## What you have to do
Below are some records; output exactly the lines from the line with "The CDS 9300" to the line with "The two-flavor quark-meson", both ends kept, and nothing more.

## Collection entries
* * *
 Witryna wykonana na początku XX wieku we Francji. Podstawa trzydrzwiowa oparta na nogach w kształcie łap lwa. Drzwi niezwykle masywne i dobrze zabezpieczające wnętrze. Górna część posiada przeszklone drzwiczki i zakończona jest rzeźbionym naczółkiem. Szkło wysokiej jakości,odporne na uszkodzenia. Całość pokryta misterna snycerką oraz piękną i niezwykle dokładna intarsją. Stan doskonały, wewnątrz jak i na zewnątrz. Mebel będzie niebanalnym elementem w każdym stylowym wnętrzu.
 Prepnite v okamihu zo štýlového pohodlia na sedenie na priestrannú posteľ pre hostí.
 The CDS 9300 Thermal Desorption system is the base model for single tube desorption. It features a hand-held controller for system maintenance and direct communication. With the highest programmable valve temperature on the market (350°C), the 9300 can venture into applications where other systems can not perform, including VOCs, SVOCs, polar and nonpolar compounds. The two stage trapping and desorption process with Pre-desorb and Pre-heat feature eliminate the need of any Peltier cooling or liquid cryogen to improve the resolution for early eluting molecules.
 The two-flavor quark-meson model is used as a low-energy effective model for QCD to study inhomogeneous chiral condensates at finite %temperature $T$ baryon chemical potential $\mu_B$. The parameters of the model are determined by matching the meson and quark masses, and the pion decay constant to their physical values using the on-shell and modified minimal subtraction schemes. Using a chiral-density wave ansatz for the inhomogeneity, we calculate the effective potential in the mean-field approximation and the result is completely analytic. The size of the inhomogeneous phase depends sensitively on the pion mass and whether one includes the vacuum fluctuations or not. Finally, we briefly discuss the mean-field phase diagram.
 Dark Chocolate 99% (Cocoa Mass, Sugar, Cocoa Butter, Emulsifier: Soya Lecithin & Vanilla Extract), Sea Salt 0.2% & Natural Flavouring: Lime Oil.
* * *
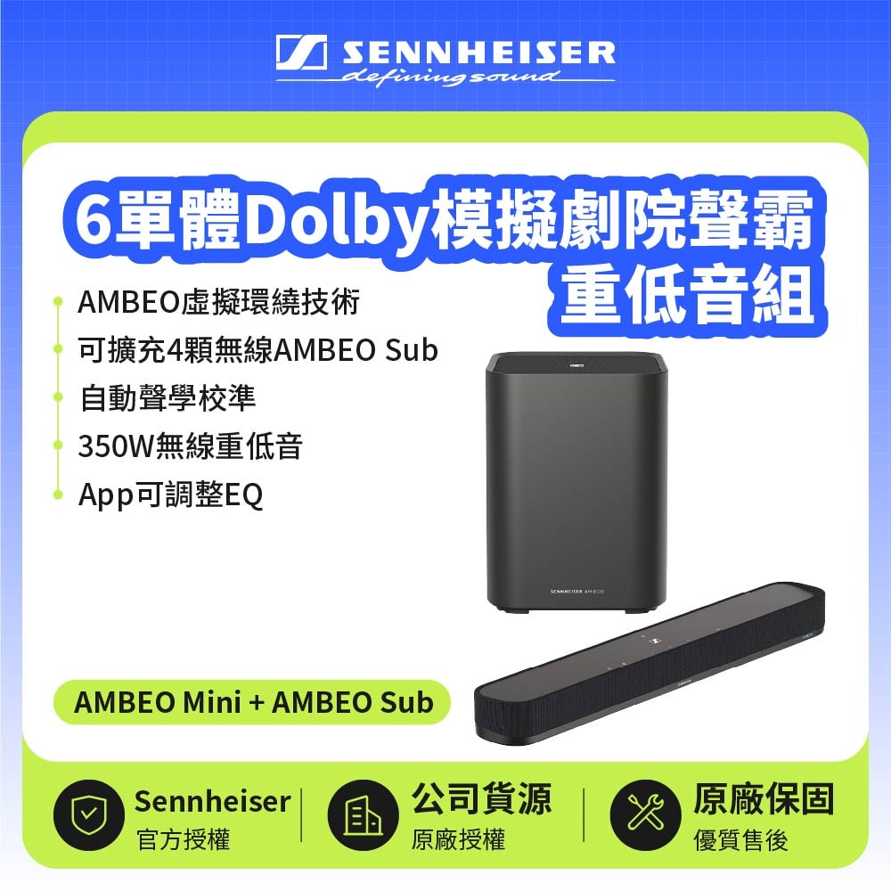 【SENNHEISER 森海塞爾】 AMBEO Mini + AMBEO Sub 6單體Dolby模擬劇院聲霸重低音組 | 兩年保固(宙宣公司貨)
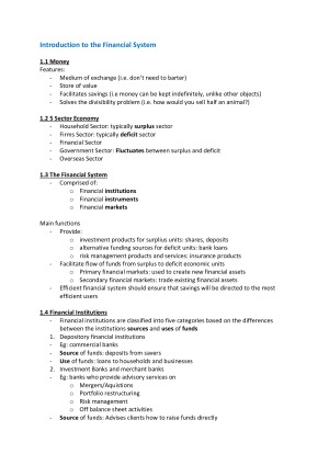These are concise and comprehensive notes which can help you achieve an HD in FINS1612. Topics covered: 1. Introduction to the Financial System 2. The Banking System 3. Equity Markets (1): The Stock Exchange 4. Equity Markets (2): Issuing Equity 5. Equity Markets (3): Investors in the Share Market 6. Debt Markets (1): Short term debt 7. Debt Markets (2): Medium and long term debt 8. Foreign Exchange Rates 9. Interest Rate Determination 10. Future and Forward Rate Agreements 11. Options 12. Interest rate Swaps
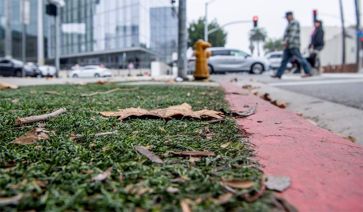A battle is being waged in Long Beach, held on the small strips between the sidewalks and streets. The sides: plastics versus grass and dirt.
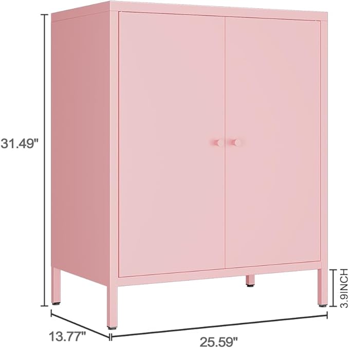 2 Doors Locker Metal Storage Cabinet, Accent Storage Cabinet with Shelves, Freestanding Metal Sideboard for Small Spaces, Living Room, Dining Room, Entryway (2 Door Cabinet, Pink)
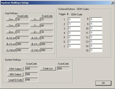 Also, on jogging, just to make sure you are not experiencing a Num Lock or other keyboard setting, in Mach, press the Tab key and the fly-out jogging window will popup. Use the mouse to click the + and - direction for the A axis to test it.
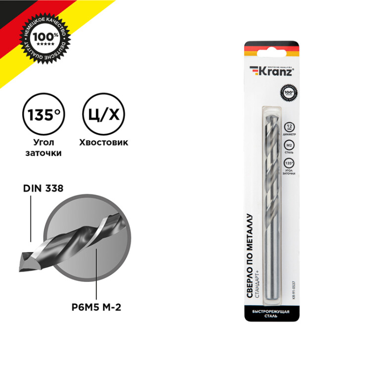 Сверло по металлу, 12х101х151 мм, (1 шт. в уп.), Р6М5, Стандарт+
* * *
## Result
 The CDS 9300 Thermal Desorption system is the base model for single tube desorption. It features a hand-held controller for system maintenance and direct communication. With the highest programmable valve temperature on the market (350°C), the 9300 can venture into applications where other systems can not perform, including VOCs, SVOCs, polar and nonpolar compounds. The two stage trapping and desorption process with Pre-desorb and Pre-heat feature eliminate the need of any Peltier cooling or liquid cryogen to improve the resolution for early eluting molecules.
 The two-flavor quark-meson model is used as a low-energy effective model for QCD to study inhomogeneous chiral condensates at finite %temperature $T$ baryon chemical potential $\mu_B$. The parameters of the model are determined by matching the meson and quark masses, and the pion decay constant to their physical values using the on-shell and modified minimal subtraction schemes. Using a chiral-density wave ansatz for the inhomogeneity, we calculate the effective potential in the mean-field approximation and the result is completely analytic. The size of the inhomogeneous phase depends sensitively on the pion mass and whether one includes the vacuum fluctuations or not. Finally, we briefly discuss the mean-field phase diagram.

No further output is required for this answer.